ПИСАТЕЛИ О ЛЖИ В ХУДОЖЕСТВЕННОМ ТЕКСТЕ

«Художественное произведение по своей природе является актом творческого вымысла. Какой бы ни была эмпирическая недостоверность художественного повествования, её нельзя назвать «ложью» в моральном смысле, ибо вымысел изначально легитимен в рамках художественного творчества», – пишет Борис Гаспаров («Новое Литературное Обозрение», 2017, № 2). Мы предложили нашим респондентам задуматься, возможна ли ложь в художественном произведении? А если да, то что она собой представляет?

Идея опроса, составление и предисловие – Елены ИВАНИЦКОЙ.

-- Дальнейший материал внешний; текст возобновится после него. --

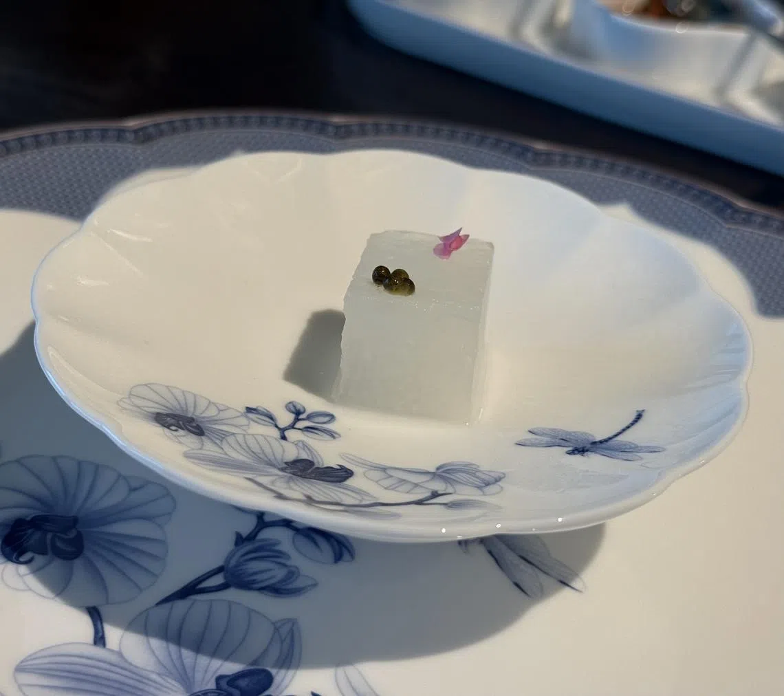 Eventually, though, you’re fed an amuse bouche. A single square of winter melon is presented like a piece of still art: pristine, slightly pickled, garnished with four pearls of caviar and a single pink flower petal. A hint of chilli. It’s presented with a proud flourish. Not sure if we’re supposed to clap.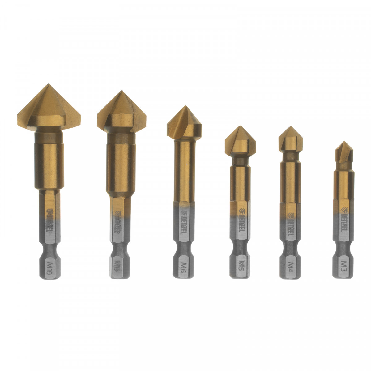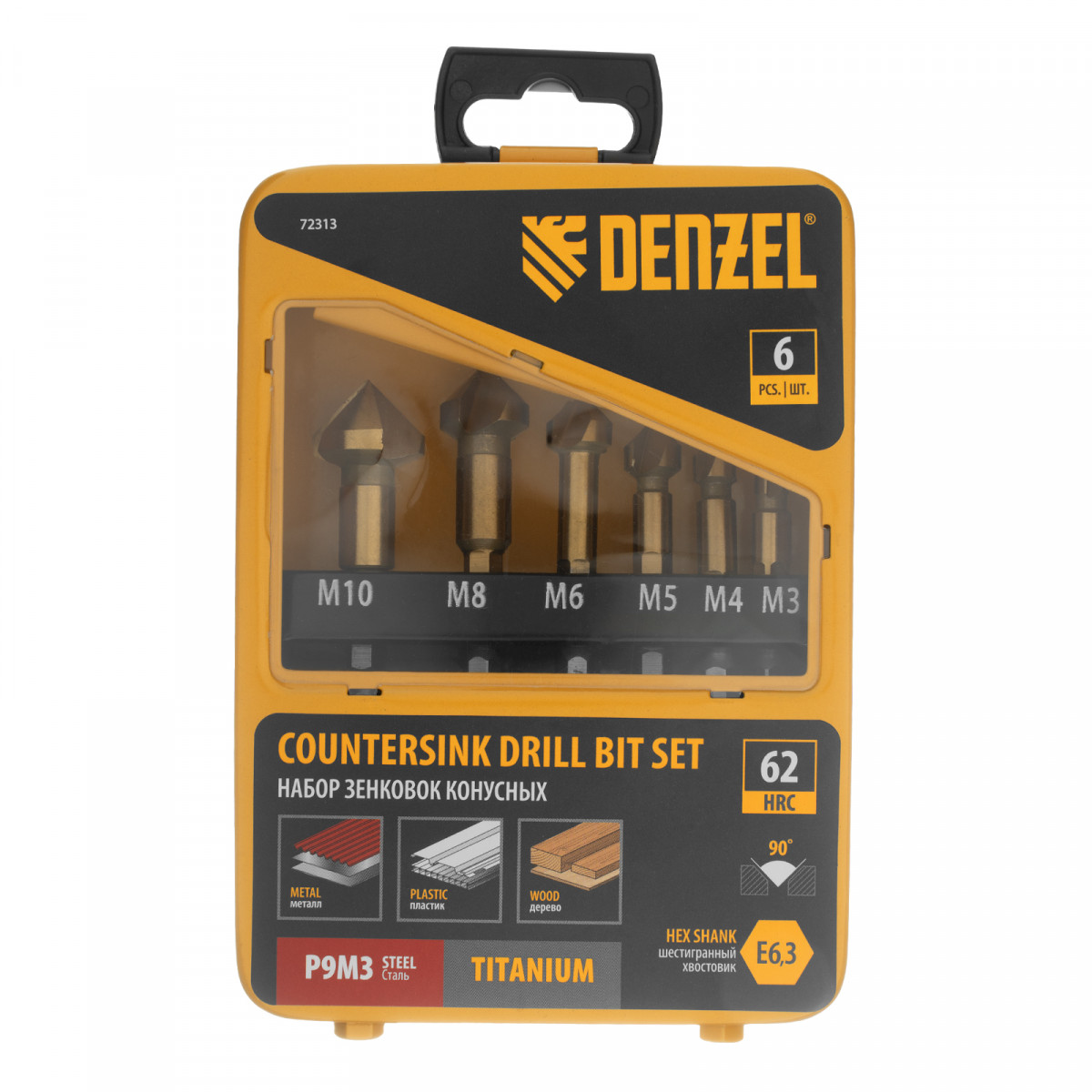Набор зенковок, HSS, M3-M10, 6 шт, металл. кейс // Denzel

Отвечают Алексей ВИНОКУРОВ, Юрий КАГАРЛИЦКИЙ, Мария РЕМИЗОВА, Роман АРБИТМАН, Александр ФЕДЕНКО, Кристина ГЕПТИНГ, Александр ЛАСКИН,  Николай МИТРОХИН, Татьяна НАБАТНИКОВА, Наталья ЯКУШИНА.
_____
 


Алексей ВИНОКУРОВ, прозаик, драматург, телесценарист:

1. Ложь в художественном произведении возможна.
2. Прежде чем ответить на второй вопрос, вспомню отрывок из одной повести. Там в салоне проходит вечер Наума Коржавина.
«Потом речь зашла о русской литературе «серебряного века». На Коржавина посыпались вопросы.
– Что вы думаете о Блоке?
– Выдающийся литературный мазохист начала века, – отвечал Коржавин.
– А к Есенину вы как относитесь?
– Крупнейший русский алкоголик.
– А есть кто-нибудь из современных русских поэтов, кто вам нравится?
– Артюр Рембо».

Говорил ли это Коржавин на самом деле? Сильно сомневаюсь. Мог ли он такое сказать? Вполне. То есть не говорил, но мог. В таком случае, что представляет собой вышеприведённый отрывок – ложь или художественный вымысел?
Мне кажется, определить это можно, выяснив наличие у автора задачи. Если задача автора состоит в том, чтобы показать, что Коржавин выжил из ума и сам не понимает, что несёт, тогда это ложь. Причем ложь злонамереннная и наглая. Если же идея автора состояла в том, чтобы донести до читателя особенности характера поэта и оригинальность его мышления, то тут о лжи, на мой взгляд, речи уже нет.
Всякий, кто сколько-нибудь знает Коржавина, скажет, что он вполне мог такое сказать. Это входит в его интеллектуально-психологическую парадигму. Что есть в этом отрывке? Правда коржавинского характера, пусть и несколько сгущённая. Значит, это уже не ложь, а художественный вымысел.
Вообще, как мне кажется, ложь возникает из априорной задачи, внеположной литературе. Задача рождает тенденцию, освещение, под которым рассматривается предмет, или даже полную тьму, в которой этот предмет и вовсе не виден. Самый простой и явный случай такой лжи – государственная идеология. В советских школах на уроках литературы постоянно возникал такой вопрос: что хотел автор сказать своим произведением (читай: чего он хотел добиться от читателя)?
Этот случай писательской лжи распадался на два направления: чего автор хочет добиться от читателя и чего он хочет добиться от начальства. При советской власти многие писатели были обеспокоены в основном второй задачей, это был вопрос выгоды, которую они могли получить от своей лжи. Когда писатель обращался больше к читателю, это был уже вопрос убеждения. Иногда твердокаменное слепое убеждение было хуже соображений прямой выгоды.
Но и то, и другое порождало высказывание ложное, или, как говорили когда-то, тенденциозное.
Конечно, не все могут писать так же привольно и беззаботно, как птичка Божия какает, не обременяясь ни темой, ни идеей, ни средствами выражения. Но и тема, и идея, и язык – всё это показано литературе, всё это – естественная ее часть. А вот задача – противопоказана. И потому самая благородная задача может превратить вполне реалистическую и даже документальную книгу в сборник обманов и выдумок. И будет это, как говорил Солженицын у Довлатова, «блажь заморская, антихристова лжа».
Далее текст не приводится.